Centre administratif Midi LibreOn ne dit plus pauvres, on dit Rmistes. On ne dit plus chômeur, on dit demandeur d’emploi. On ne dit plus usagers, on dit bénéficiaires et clients, on ne dit plus employés, on dit collaborateurs, on ne dit plus petits boulots, on dit jobs…
On pourrait continuer comme cela longtemps la liste de mots appartenant à la langue de bois que nous finissons par utiliser quotidiennement à force de les entendre partout autour de nous.
Cette langue de bois, ou novlangue, se fabrique et est relayée à l’intérieur de notre société, par les publicitaires, les médias, les politiques, les intellectuels et par une catégorie plus discrète les laboratoires d’idées, les fameux « Thinks tanks ».
Cette langue de bois fonctionne sur la répétition qui finit par faire perdre le sens et l’utilité des mots plus clairs et plus simples. Elle utilise différentes techniques et figures de styles dont chacune a un intérêt/objectif particulier. Par exemple les euphémismes comme « les pauvres devenus des publics défavorisés puis fragilisés » sont très utilisés et servent souvent à adoucir, à renommer une réalité dure en retirant sa charge négative.

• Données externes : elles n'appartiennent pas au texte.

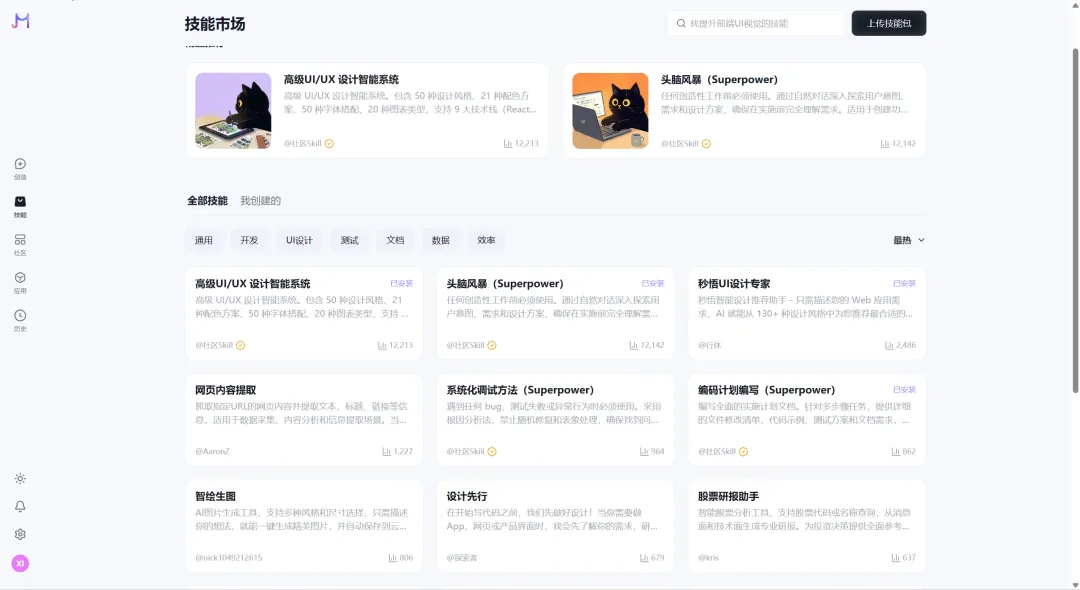 平台内置的 技能市场 还提供了「玻璃拟态UI技能」「游戏音效包」等现成技能包,就像给 AI 装了专属工具箱,能让生成的效果更精准。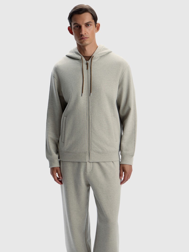 Уютное худи с начесом — свободный силуэт, классическая длина, удобные карманы. Сшито из мягкой, теплой и шелковистой ткани на основе вискозы и шерсти — объемного, средней плотности футера, изнаночная сторона которого начесана и подстрижена. Пуллер и шнурок в капюшоне выполнены из замши. Застегивается на металлическую молнию. Сделано в Китае.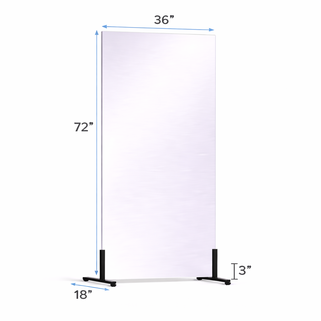 This free-standing glassless mirror features a rigid reflective surface supported by durable aluminum floor stands with protective plastic end caps. The lightweight construction allows the mirror to be easily repositioned or rolled into storage when not in use, making it ideal for studios and multi-use spaces.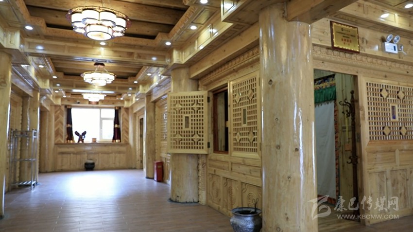 這幢民“居”之所以是“宿”,是因為它的底層被設計建造成為了11間客房,安裝現(xiàn)代化設施后用于旅游接待。而二樓則為臥室、經(jīng)堂、客廳、貯藏室、廚房、走廊和陽臺等,在建造中最難的一道工序便是室內(nèi)裝修的雕刻和繪畫,此二門藝術(shù)可謂“崩科”之精華所在,極具康巴文化特色。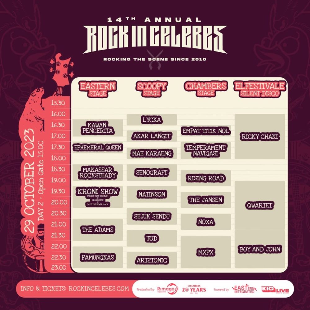 Sementara itu, Marketing Communication Asmo Sulsel, Moh Arif Reda, mengatakan bahwa Asmo Sulsel menggelar beragam aktivasi dalam 14th Annual Rock in Celebes. Salah satunya adalah Scoopy Stage yang akan dimeriahkan oleh banyak musisi, seperti Kapal Udara dan Orkes Tuming Abu.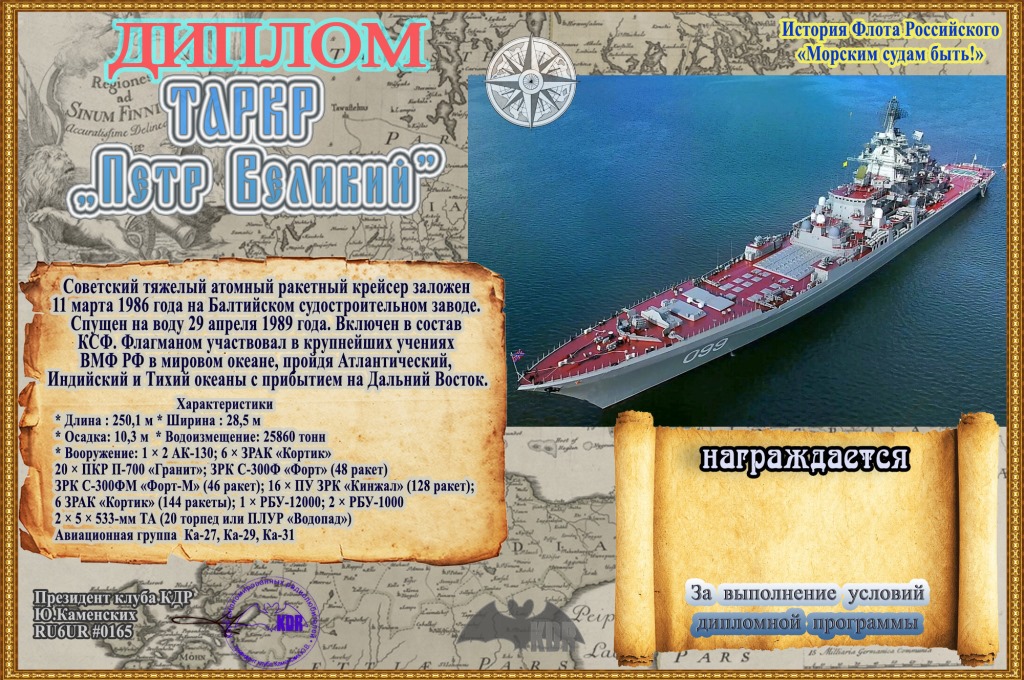В рамках дипломной программы Клуба Дипломированных радиолюбителей - «История флота Российского» вашему вниманию предоставляется диплом «ТАРКР Петр Великий».

Avec les oxymores, il s'agit de coller deux termes antinomiques comme dans flexi-sécurité ou capitalisme moral. L’intérêt est de brouiller les cartes et d'empêcher une analyse ou une remise en cause de ces concepts, qui paraissent aller dans le bon sens. Il existe bien d’autres figures de style à travers lesquelles la langue de bois se déploie comme les anglicismes, les sigles, ou encore l’hyperbole très utilisée quand on veut durcir une réalité, la rendre négative.
Par exemple l'emploi de l'expression « charge sociale » en lieu et place de « cotisation sociale » se généralise faisant disparaitre le mot cotisation et avec lui le sens dont il était porteur. Une charge c'est lourd donc pénible. L'alléger est perçu alors comme une chose positive. C’est un soulagement. Alors qu’en réalité, les cotisations sociales ne constituent pas des prélèvements ou une taxe sur le travail. Elles sont un élément du salaire (salaire socialisé ou mutualisé). Pour les salariés, elles ne constituent donc ni un prélèvement, ni une charge mais un supplément.

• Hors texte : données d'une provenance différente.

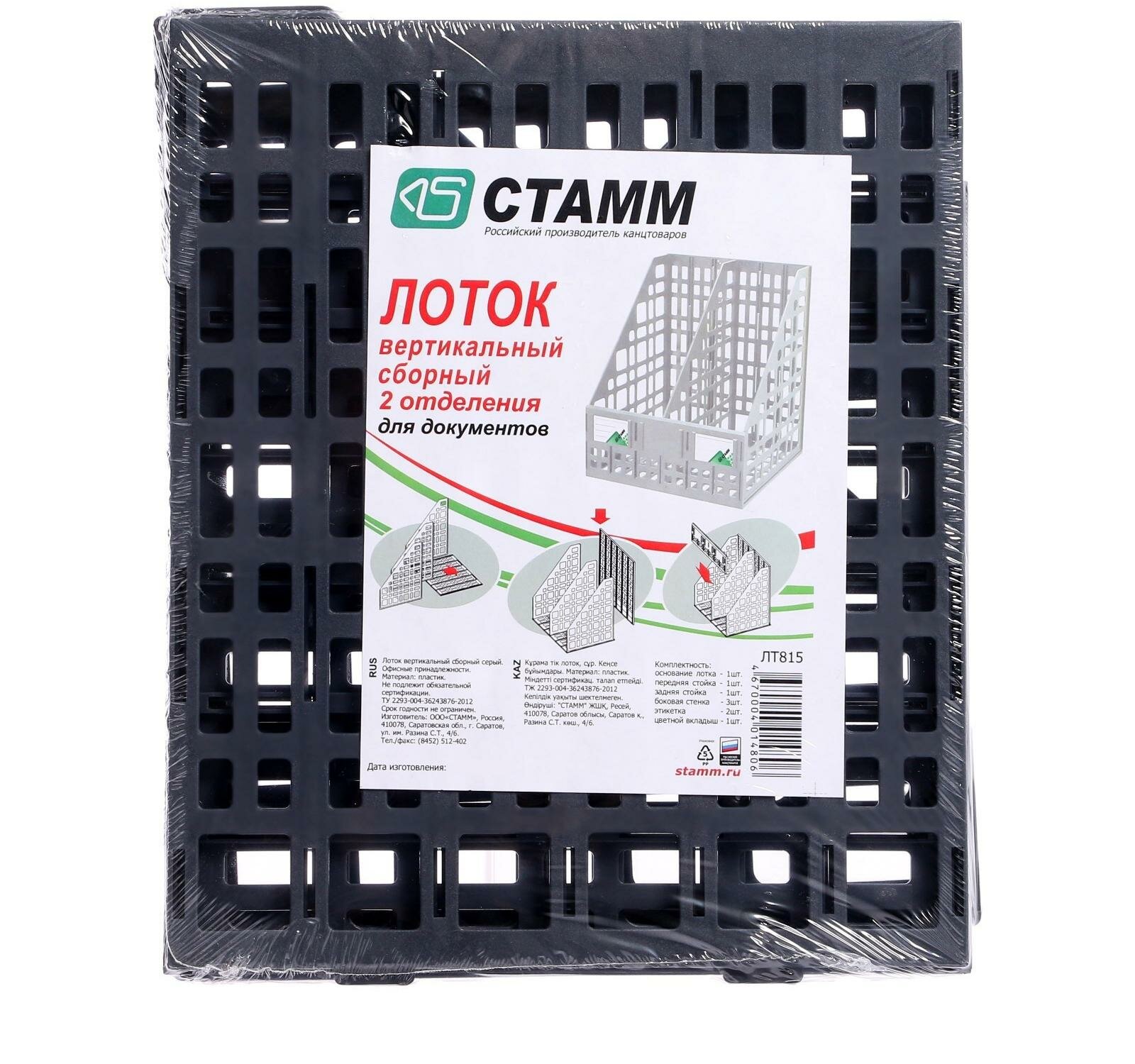 Лоток для бумаг вертикальный СТАММ, сборный, 2 отделения, черный ( Артикул 193219 )

On comprend bien quel est l’objectif de cette langue de bois. Si le langage structure notre pensée et notre façon de percevoir le monde, alors cette langue de bois n'est pas du tout neutre mais poursuit des objectifs bien précis qui participent à une finalité que l’on pourrait résumer ainsi : naturaliser le libéralisme et engendrer un certain fatalisme.
A Portiragnes, nous sommes aussi atteints par cet excès de modernisme toujours associée au réformisme qui masque le sens réel des transformations économiques et sociales entreprises par le libéralisme.
En effet, il s’écrit et se dit que le bâtiment en construction sur l’emplacement du city-stade n’est ni un hôpital comme certains l’ont avancé, ni la nouvelle sous-préfecture de l’Hérault comme on l’a entendu dire, ni une mairie, comme on le pensait, mais un centre administratif. Qu’est-ce à dire ? Est-ce que les mots « « mairie » ou « hôtel de ville » seraient devenus trop désuets, pas assez branchés, pas assez chics. Cette terminologie, un peu pompeuse est déconcertante et préoccupante. Elle crée de l’incertitude quant au devenir de la commune dont la Mairie est le bâtiment symbolique. Les mots ont un sens et ce changement de nom nous annonce quoi ? La fusion prochaine avec une ville voisine ? La mort des communes au profit des collectivités intercommunales ? Si c’est le cas, alors ce centre administratif est un bâtiment surdimensionné pour les seules fonctions qui lui resteront : délivrer et recevoir des documents administratifs. Si ce n’est pas le cas, alors appelons ce bâtiment pour ce qu’il est et ce que nous voulons qu’il reste : une Mairie avec un M majuscule.